> RECORDS SUPPLIED
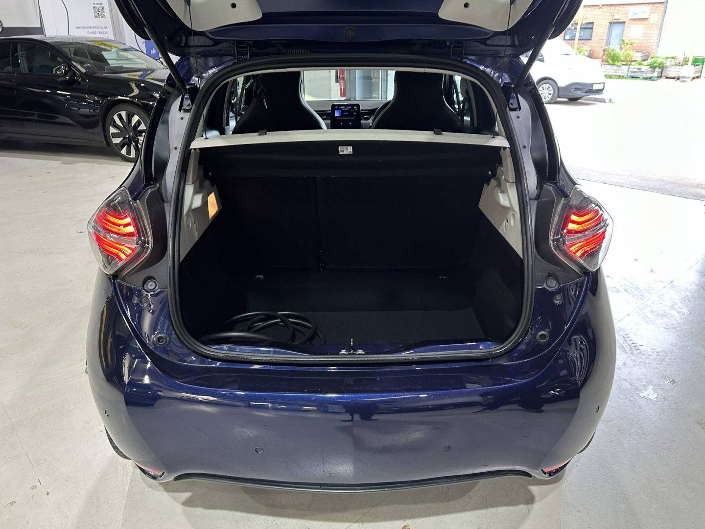 Renault Zoe GT Line Plus finished in metallic blue, with part leather part cloth seats, electric widows, electric folding wing mirrors, 10” TFT colour screen, DAB radio, 6x speakers, parking sensors front and rear, colour reversing camera, heated front seats, heated steering wheel, sat nav, cruise control and speed limiter, lane departure warning, blind spot warning, Eco mode, USB sockets including rear, auto wipers, auto dimming rear view mirror, air con, soft touch steering wheel, split rear seats, 16” alloy wheels, tinted rear windows. Comes with CCS for rapid charging.
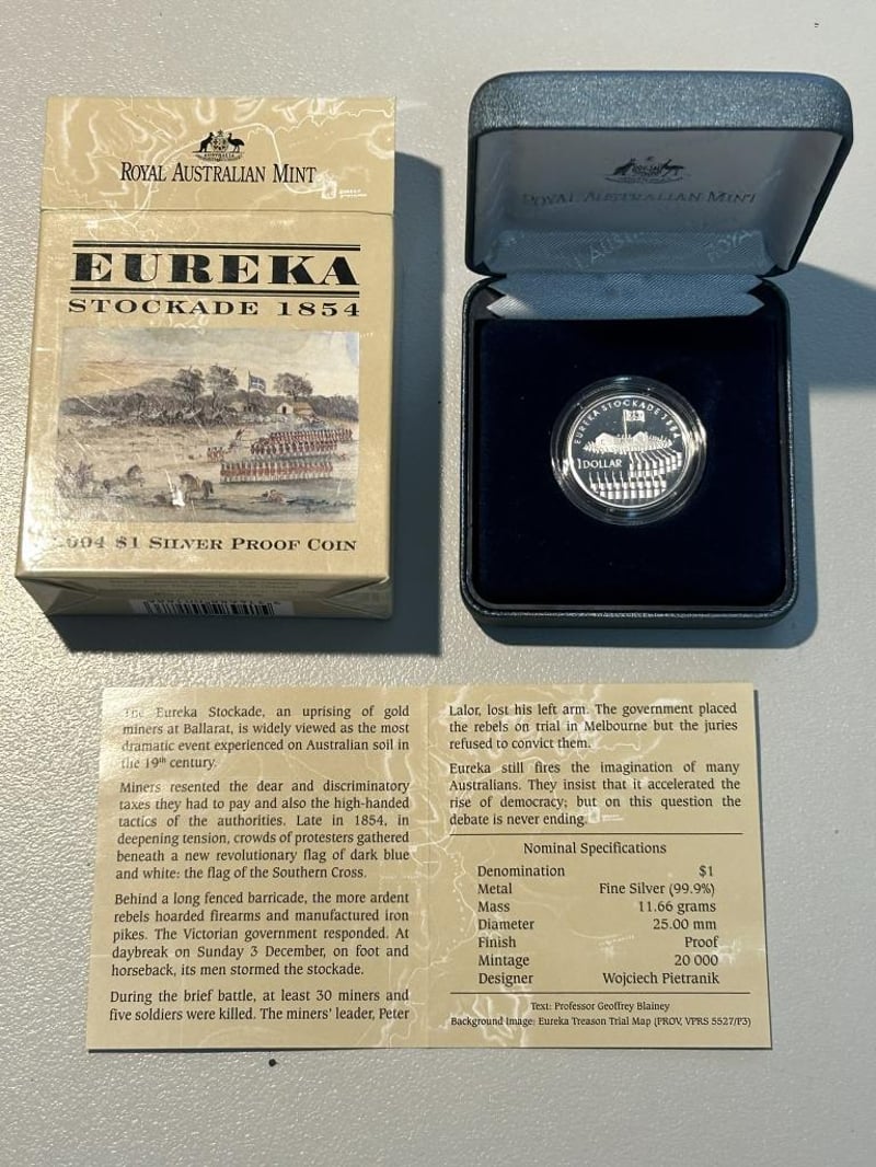 2004 OEN DOLLAR EUREKA STOCKADE FINE PROOF SILVER COIN IN CASE 11.66 Grams Fine Silver Condition: Proof 233553+11
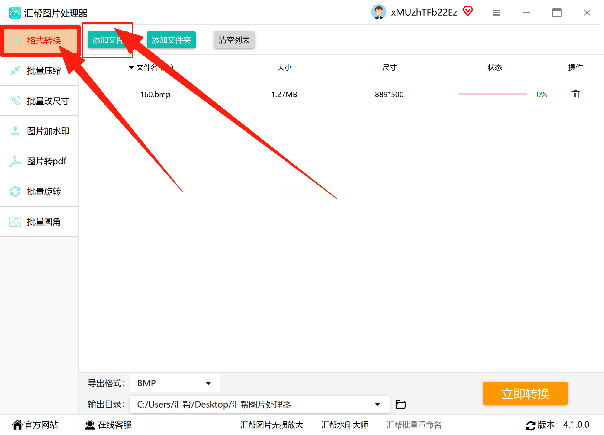 2. 导入图片:点击“添加文件”按钮,选中要转换的BMP文件(支持批量拖放,我一次传了20张图,超方便)
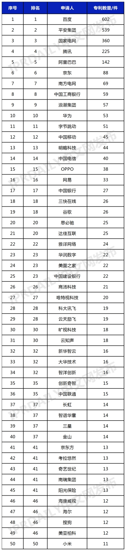 基于对人工智能大模型技术的理解,全球领先的知识产权综合信息服务提供商IPRdaily通过对相关的关键词和分类号进行限定,数据统计2017年1月1日至2023年3月17日在中国申请并公开的人工智能大模型专利(同申请号合并),发布中国人工智能大模型企业发明专利排行榜(TOP 50)。榜单如下:
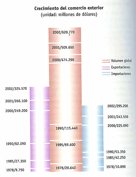 En la lista del comercio mundial, China pasó del puesto 32 en 1978 al 15 en 1989, al décimo en 1997 y al sexto en 2001, durante el cual, el volumen global del comercio de importación y exportación de China alcanzó los 509.650 millones de dólares, siendo 24,7 veces, 4,6 veces y el 157 por ciento el de 1978, 1989 y 1997. En 2002, este volumen llegó a una nueva cota, con 620.770 millones de dólares. En el momento actual 220 países y regiones comercian con China, cuyos diez primeros socios son el Japón, Estados Unidos, Unión Europea, la Región Administrativa Especial de Hong Kong, ANSEA, República de Corea, la provincia de Taiwan, Australia, Rusia y Canadá.
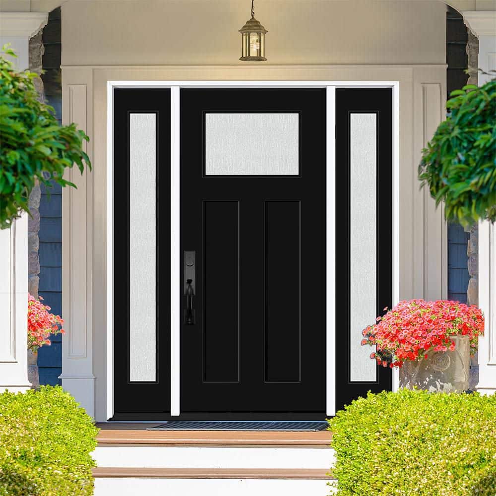 A durable, prehung fiberglass entry door designed for all climates with a composite, rot-free frame. Features rain glass in a 1/4-lite top and dual 12-in sidelites, energy-efficient dual-pane Low-E glass, and bronze ball-bearing hinges for smooth, long-lasting operation.
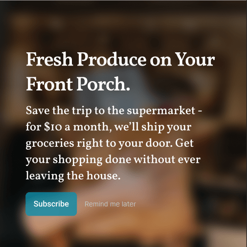 Write a promotional home screen for a subscription service that delivers groceries to the user once-a-month for a flat fee.
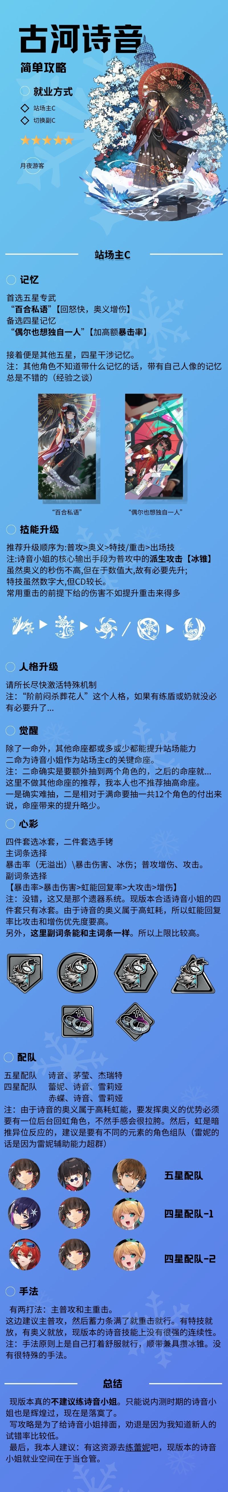 古河诗音作为我们不花钱就能拿到的冰系五星角色,在我们的游玩过程中,有时也能发挥出不俗的作用,以下是古河诗音的角色测评以及心彩推荐,各位所长请慢用。

> REQUIRED ACTION
An exact reproduction of the data above is required, with every picture removed.

> YOUR RESPONSE
 Renault Zoe GT Line Plus finished in metallic blue, with part leather part cloth seats, electric widows, electric folding wing mirrors, 10” TFT colour screen, DAB radio, 6x speakers, parking sensors front and rear, colour reversing camera, heated front seats, heated steering wheel, sat nav, cruise control and speed limiter, lane departure warning, blind spot warning, Eco mode, USB sockets including rear, auto wipers, auto dimming rear view mirror, air con, soft touch steering wheel, split rear seats, 16” alloy wheels, tinted rear windows. Comes with CCS for rapid charging.
 2004 OEN DOLLAR EUREKA STOCKADE FINE PROOF SILVER COIN IN CASE 11.66 Grams Fine Silver Condition: Proof 233553+11
 2. 导入图片:点击“添加文件”按钮,选中要转换的BMP文件(支持批量拖放,我一次传了20张图,超方便)
 基于对人工智能大模型技术的理解,全球领先的知识产权综合信息服务提供商IPRdaily通过对相关的关键词和分类号进行限定,数据统计2017年1月1日至2023年3月17日在中国申请并公开的人工智能大模型专利(同申请号合并),发布中国人工智能大模型企业发明专利排行榜(TOP 50)。榜单如下:
 En la lista del comercio mundial, China pasó del puesto 32 en 1978 al 15 en 1989, al décimo en 1997 y al sexto en 2001, durante el cual, el volumen global del comercio de importación y exportación de China alcanzó los 509.650 millones de dólares, siendo 24,7 veces, 4,6 veces y el 157 por ciento el de 1978, 1989 y 1997. En 2002, este volumen llegó a una nueva cota, con 620.770 millones de dólares. En el momento actual 220 países y regiones comercian con China, cuyos diez primeros socios son el Japón, Estados Unidos, Unión Europea, la Región Administrativa Especial de Hong Kong, ANSEA, República de Corea, la provincia de Taiwan, Australia, Rusia y Canadá.
 A durable, prehung fiberglass entry door designed for all climates with a composite, rot-free frame. Features rain glass in a 1/4-lite top and dual 12-in sidelites, energy-efficient dual-pane Low-E glass, and bronze ball-bearing hinges for smooth, long-lasting operation.
 Write a promotional home screen for a subscription service that delivers groceries to the user once-a-month for a flat fee.
 古河诗音作为我们不花钱就能拿到的冰系五星角色,在我们的游玩过程中,有时也能发挥出不俗的作用,以下是古河诗音的角色测评以及心彩推荐,各位所长请慢用。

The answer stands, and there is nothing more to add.